## Your instructions
For the data that follows, print the line with "届教师活动)高等教育专项现场交流活动通知", the line with "Freude bei den", and all lines between them, exactly as they stand. Omit pictures and add nothing.

## Listed records
>>>
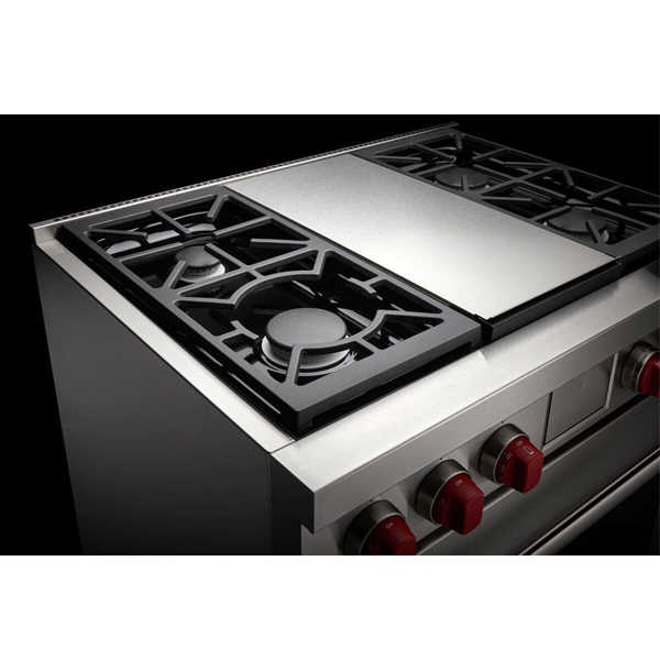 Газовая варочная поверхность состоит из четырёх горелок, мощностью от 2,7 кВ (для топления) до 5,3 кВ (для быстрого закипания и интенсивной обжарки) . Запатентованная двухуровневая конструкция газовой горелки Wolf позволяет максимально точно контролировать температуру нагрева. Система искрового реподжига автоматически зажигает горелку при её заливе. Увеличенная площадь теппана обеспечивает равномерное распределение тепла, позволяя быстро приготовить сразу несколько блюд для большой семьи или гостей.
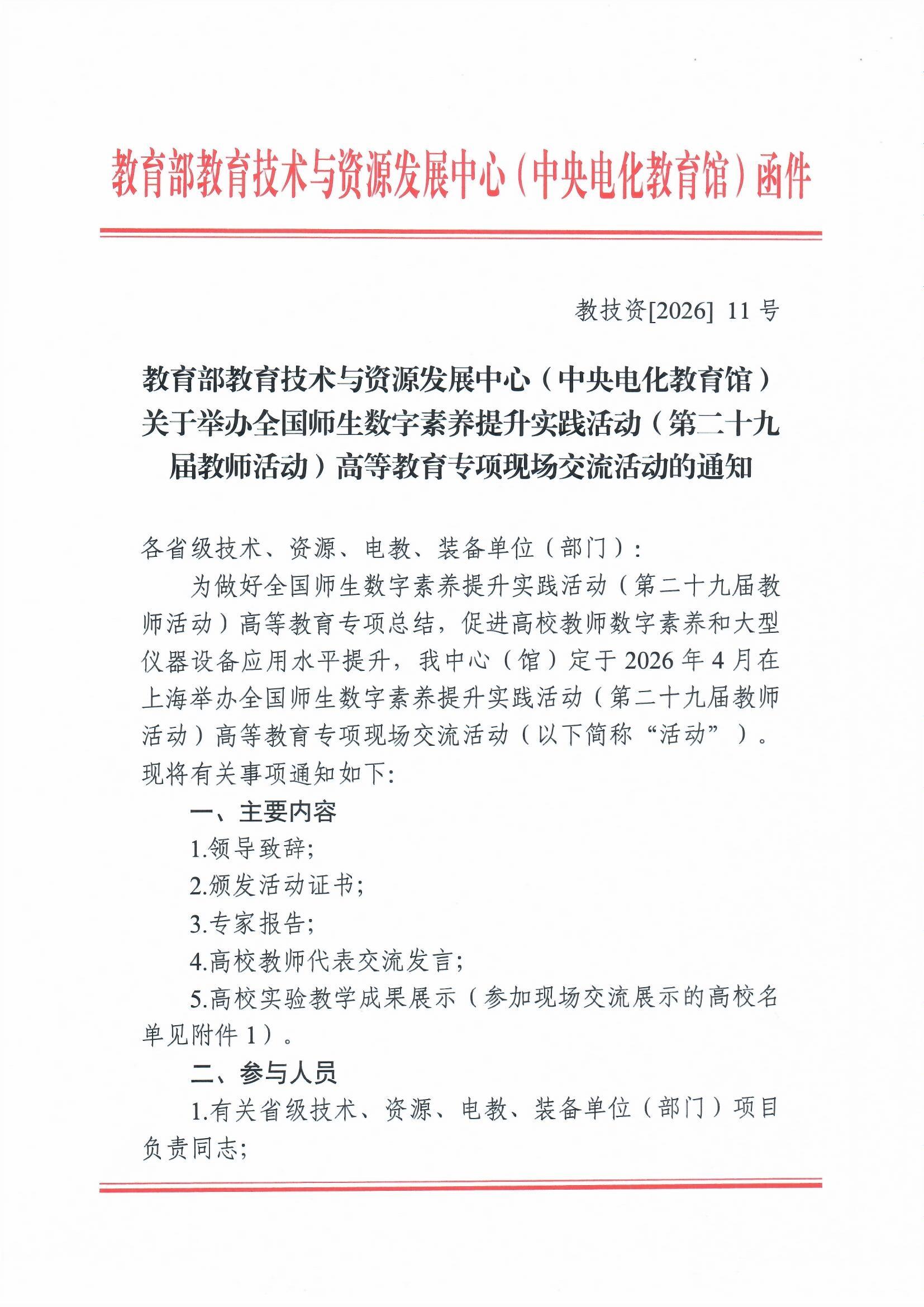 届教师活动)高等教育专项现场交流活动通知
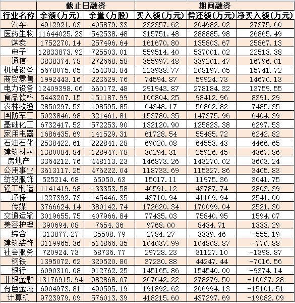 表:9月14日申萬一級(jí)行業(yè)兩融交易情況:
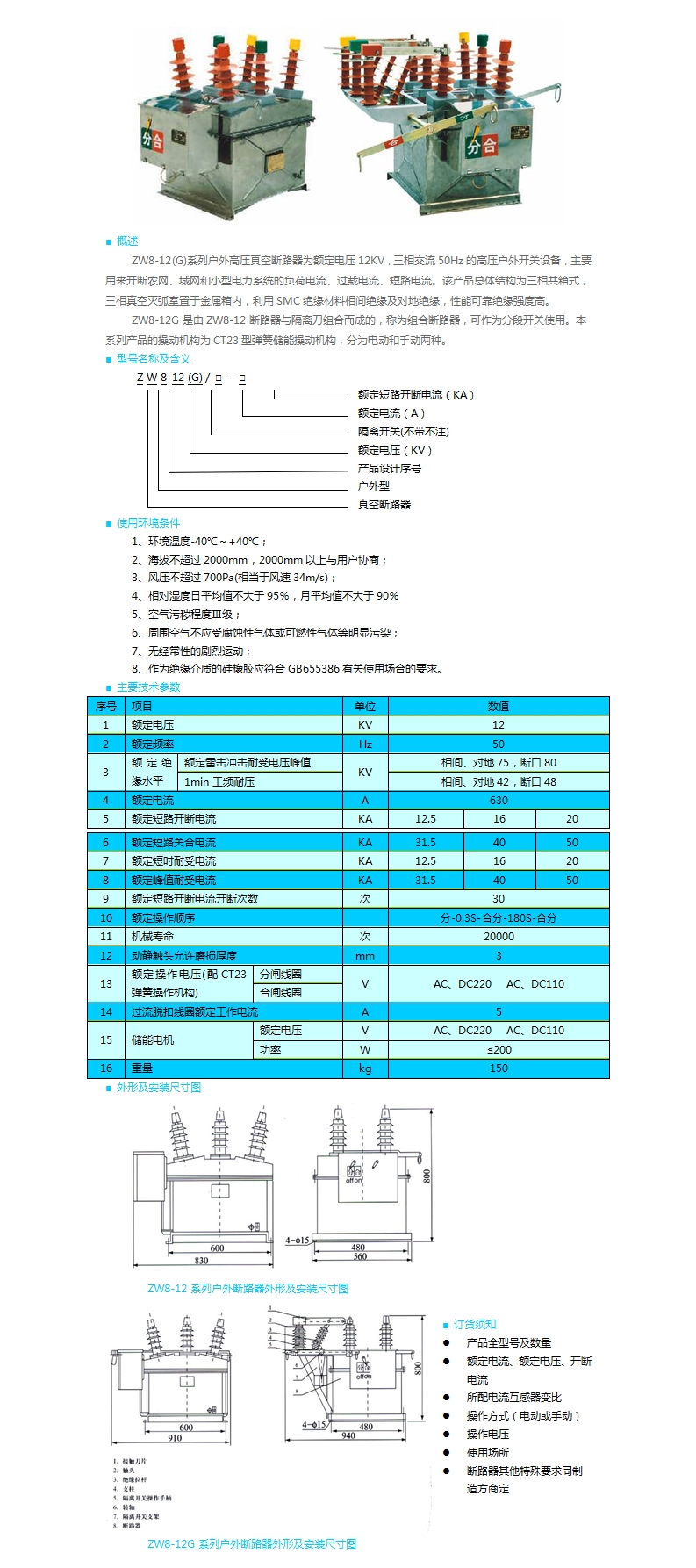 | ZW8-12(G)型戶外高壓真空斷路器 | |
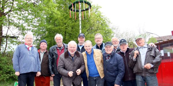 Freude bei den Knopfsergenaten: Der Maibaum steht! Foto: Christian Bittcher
<<<
>>>
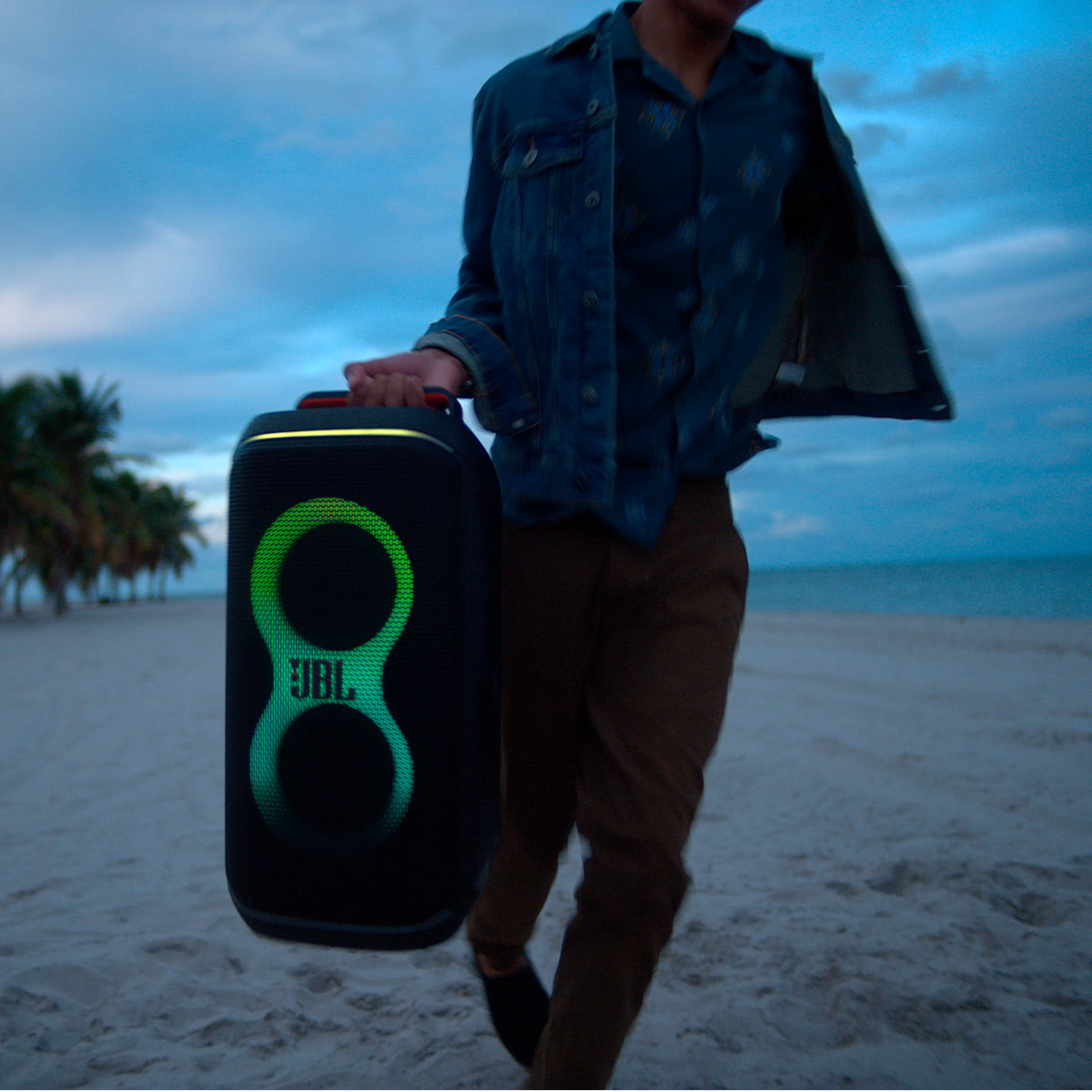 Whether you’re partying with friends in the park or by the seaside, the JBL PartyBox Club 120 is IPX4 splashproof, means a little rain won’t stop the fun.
<<<
## Your solution
 届教师活动)高等教育专项现场交流活动通知
 表:9月14日申萬一級(jí)行業(yè)兩融交易情況:
 | ZW8-12(G)型戶外高壓真空斷路器 | |
 Freude bei den Knopfsergenaten: Der Maibaum steht! Foto: Christian Bittcher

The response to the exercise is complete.